A senhora disse-me que eu a a estava a ofender !
 Ela era ainda  virgem como em certas partes do Norte Central  de Portugal chamam a uma Mulher que mesmo tendo filho é considerada virgem pois não é casada !.
                  Fui logo a Lisboa tentar modificar esta terrível  sentença , só que todos os meus Amigos me diziam que o Capitão na Capitania tinha  autonomia para impor as suas leis  e ninguém as podia revogar .
Consegui que o Tomiks fosse para casa de uma Senhora que até era a mais rica da antiga Aldeia de Ferrel Sra Dona Encarnação Foi com imensa pena e raiva em mim contida para não  agravar mais as lamentações de meus filhos e Mulher que vimos o nosso Tomiks partir .
Passados três meses estava minha Mulher dentro de casa na cozinha e viu um cão meter  o focinho entre a rede. 
Enchutou o cão e dai a momentos  o animal meteu de novo o focinho e a minha Genovesa disse para com ela : parece o focinho do meu Tomiks e abrindo a rede chamou : Tomiks  mas o animal não atendeu pelo nome . Ao olhar mais demoradamente para o animal que estava muito magro tendo-lhe caído até o lindo pêlo preto que fazia o encanto de quem o via
Vendo a nossa vizinha Mariete a mãe  do Joaquim , Luís  e da São  Santana  que estava á porta de sua casa disse-lhe :
Mariete está aqui um cão á minha porta que perece o meu Tomiks.
Olha retorquiu : lhe  Marieta , esse cão estava na praia de Peniche de Cima com um ferralejo a apanhar limo e o cão veio atrás de mim ,Ela também não tinha reconhecido o Tomiks.
         No dia seguinte viemos a terra e ao chegar a casa vim encontrar um cão que quase não conhecia , tal era o estado que o animal tinha chegado . Conversando com a minha Genovesa na presença dos nossos filhos disse- lhe :
 Vamos fazer um pacto se não nos deixarem ficar com o cão , vamos procurar casa para viver-mos,nunca mais vamos dar o nosso Tomiks a alguém , concordas ?

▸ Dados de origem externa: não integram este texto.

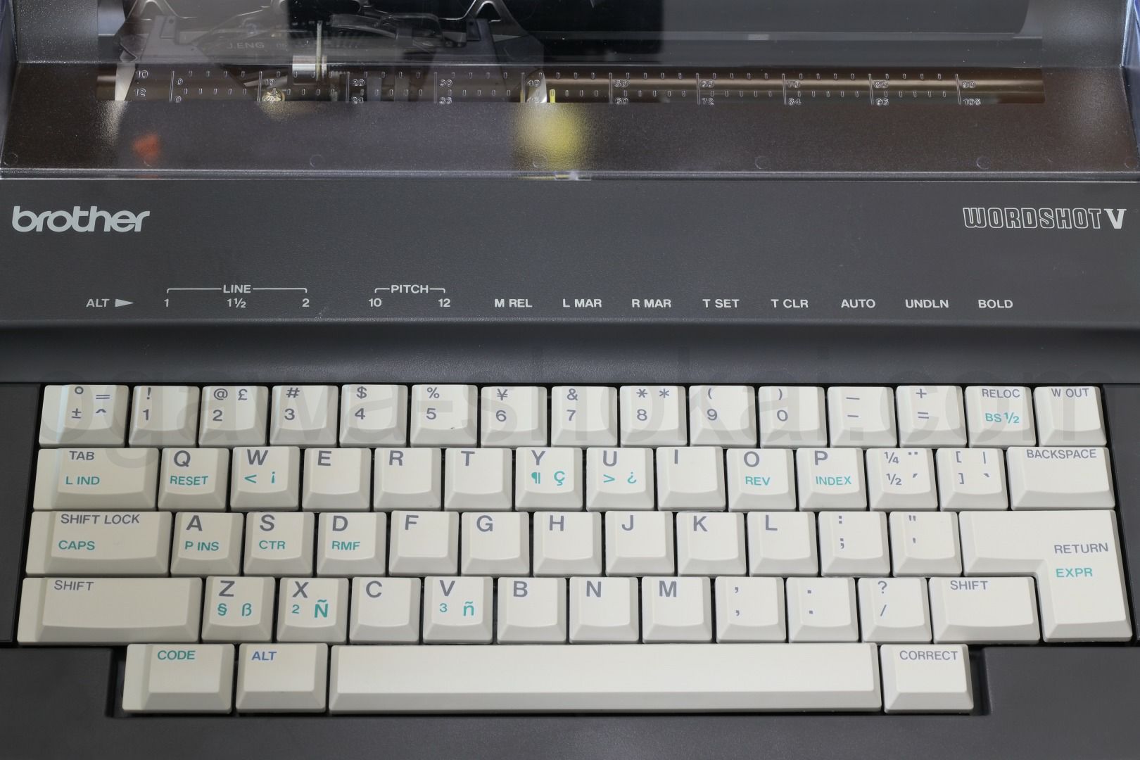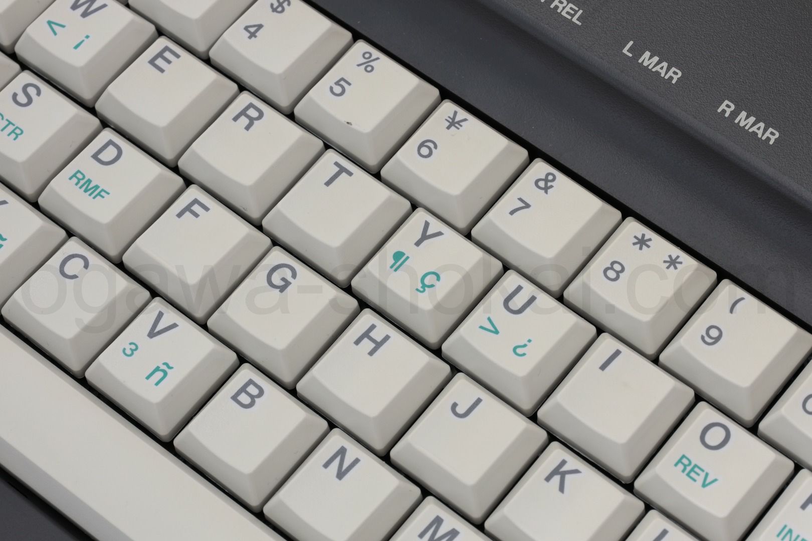 | キーボードセレクター | タイピングするデイージーホイールに合わせて、スタンダード/インターナショナル/シンボルの3種類から選択出来ます。注:インターナショナル/シンボルの活字は販売終了しています。 |

A minha Mulher resolutamente disse-me , sim nunca mais vamos dar o nosso Tomiks se tivermos de arranjar casa vamos embora daqui .
        Para nos pescadores seria uma atitude  complicada pois pagávamos oitenta e oito escudos por mês de renda na casa dos pescadores e se tivéssemos de alugar outra casa pagaríamos três vezes mais do que pagávamos no bairro mas seria o que o meu Deus quisesse .
        Fui a porta da casa da senhora visitadora e bati  sem querer na porta com uma forca aterradora ,tal era a minha emoção .
Por acaso ela estava em casa  e de dentro perguntou um pouco amedrontada quem era .
Identifiquei-me e ela abriu  a porta .
Com o meu Tomiks ao meu lado perguntei-lhe , conhece que cão e este ?
 -Não tenho a certeza mas parece-me o Tomiks
Sim de facto e o Tomiks , vê bem o estado em que ele  ficou ?
Pois fique a saber , o meu cão só sai daqui quando  formos nos também . Pode ir  a Capitania já e traga uma ordem de despejo da casa que nos dentro de dois meses vamos-nos embora e a sra ficara para o resto da sua vida gozando a sua boa acção.
Nunca chegou a ordem de despejo e o nosso Tomiks  viveu durante muitos anos uma felicidade merecida sendo considerado a Pérola da visinhanca  e ate um dia a sra visitadora fez-nos uma proposta  : Não me importava de ficar com o Tomiks, vocês não mo querem dar ?
Anos depois emigramos  e o meu Tomiks teve novamente uma triste Historia mas essa não me apetece  agora infelizmente continuar a contar  .
Manuel Joaquim Leonardo   
Vancouver Canada    5-12- 2006

P.S.
Argumentei esta  historia real para ser publicada no blogue Caldeirada  Penicheira mas como era muito longa ,muito gentilmente o editor fez me ver que não era publicável .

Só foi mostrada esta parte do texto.